# 90's PS1 Users: What Game Is This?



## tomah (Sep 17, 2010)

I had a game in the 90's that I got really engrossed in on the PS1 (I think), circa 1995.

It was a point 'n click style, solve the problem sort of game, where you move the guy through scenes and problems, etc.

If I remember correctly, it begins in France and spends most of the time in Europe. The main character you're controlling is a casually dressed American with blonde hair.

Near the beginning, there's a bit where you had to drug this guy standing holding a glass of wine, in order to get to the back of his gallery and see where boxes of stuff were going to.

Can anyone help? I know it's vague, but it's doing my nut in! :wall:


----------



## Daniel C (Jul 17, 2010)

Broken Sword?


----------



## tomah (Sep 17, 2010)

Freakin' genius!


----------



## grant_evans (Mar 2, 2008)

yep deffo broken sword. brilliant game imo.

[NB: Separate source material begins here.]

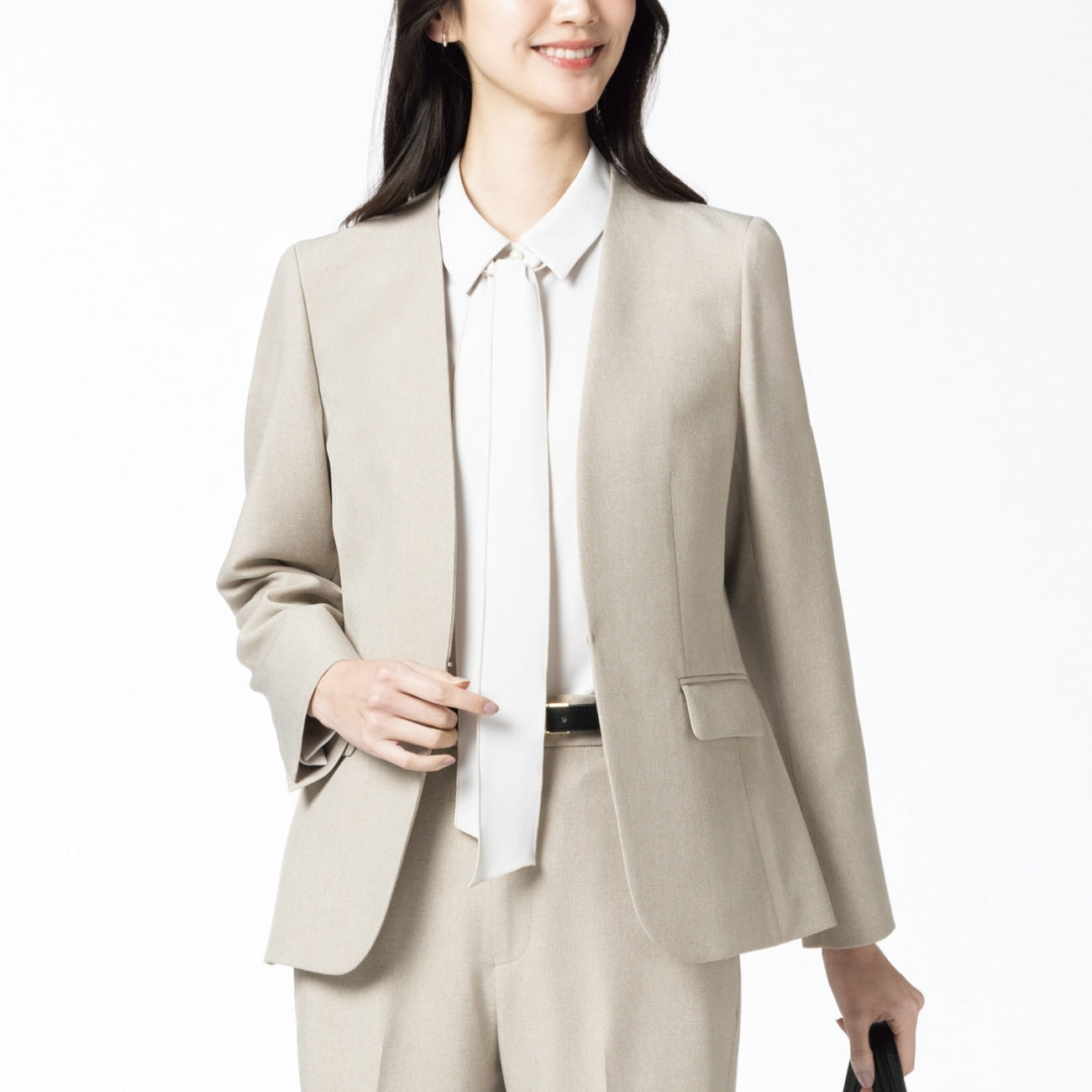 The clean-cut collarless neckline creates a sleek look that pairs perfectly with T-shirts for a refined office-casual style or with blouses for an elegant ceremony, offering endless styling options.
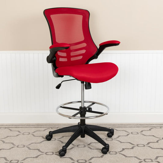 Mid-Back Red Mesh Ergonomic Drafting Chair With... Mid-Back Red Mesh Ergonomic Drafting Chair With Adjustable Foot Ring And Flip-Up Arms By Flash Furniture

edit: from what youv'e said i think it might be broken sword 2.


----------



## d7ve_b (Jul 1, 2010)

Daniel C - that's some impressive 90's computer game knowledge.....

Geeeeeeeeek


----------



## tomah (Sep 17, 2010)

Awesome game.

You know a good game when you're sad that you've completed it. This game kept me up, and made me pull my hair out at times (before the days of googling cheats, for me anyway), but I loved it.

It was definitely Shadow of the Templars. I remember the guy farting at the docks, etc.

It seems to have had a bit of a revival from the Wiki entry, with versions coming out on the DS, iPhone, iPad, and more.


----------